Create a Training ResultSet

Let’s create a ResultSet using the fields of bid event. For this TQL query, we cast the columns to machine learning types using the function label(), weight(), and categorical(). Note there is also numerical(), however, we are not using it in this model as the bid event object has no fields that could be used as numerical features.
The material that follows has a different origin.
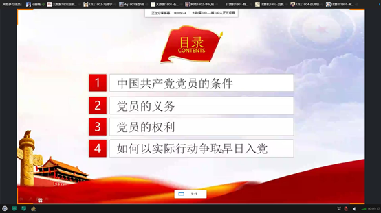 党课开始,马丽艳老师分别从“党员的条件”、“党员的义务”、“党员的权利”以及“如何以实际行动争取早日入党”这四大部分展开来谈。

An important aspect of creating machine learning ResultSets is the partition_by() statement. partition_by() takes a TQL expression which emits an enumerated string for each row. The output dataframe is split into partitions based on the value of the partition key expression for that row. This allows you to produce reproducible train/test splits over multiple runs, if your expression is based on an attribute of the event, as follows.

result_set = select(
    label('if(bid.won, 1, 0)'),
    weight(1.0),
    categorical('lower(bid.ad_size)', 'ad_size')
)\
.from_events('lethe4')\
.where('type == "bid"')\
.partition_by('IF(HASH(bid.user_id) % 10 < 2, "test", "train")')\
.options(expand_numerical_features=True, fill_na=True)\
.submit()

result_set

Query results:

partition "test"

	_label	_weight	ad_size
0	1.0	1.0	big
1	1.0	1.0	big
2	1.0	1.0	small
3	1.0	1.0	small
4	1.0	1.0	big
...	...	...	...
33554	1.0	1.0	small
33555	1.0	1.0	small
33556	1.0	1.0	big
33557	1.0	1.0	small
33558	1.0	1.0	small

33559 rows × 3 columns

partition "train"

	_label	_weight	ad_size
0	1.0	1.0	small
1	1.0	1.0	small
2	1.0	1.0	big
3	1.0	1.0	small
4	1.0	1.0	small
...	...	...	...
138413	1.0	1.0	small
138414	1.0	1.0	small
138415	1.0	1.0	big
138416	1.0	1.0	small
138417	1.0	1.0	small

138418 rows × 3 columns

query produced 171977 rows x 3 columns in 8.48 seconds

Estimating a Model

We now pass the ResultSet directly into a TQL Estimator in order to produce a trained model. TQL provides convenience wrapper for H2O, but drop-in support for other training packages can be made available upon request.

When training, a TuningConf and/or BootstrapConf may be provided. TuningConf enables hyper parameter tuning during the training session. BootstrapConf trains an ensemble of models with perturbed weights, enabling the estimation of standard errors via a Bayesian Bootstrap technique.

The estimator emits a PublishedModel instance, which we will then inspect.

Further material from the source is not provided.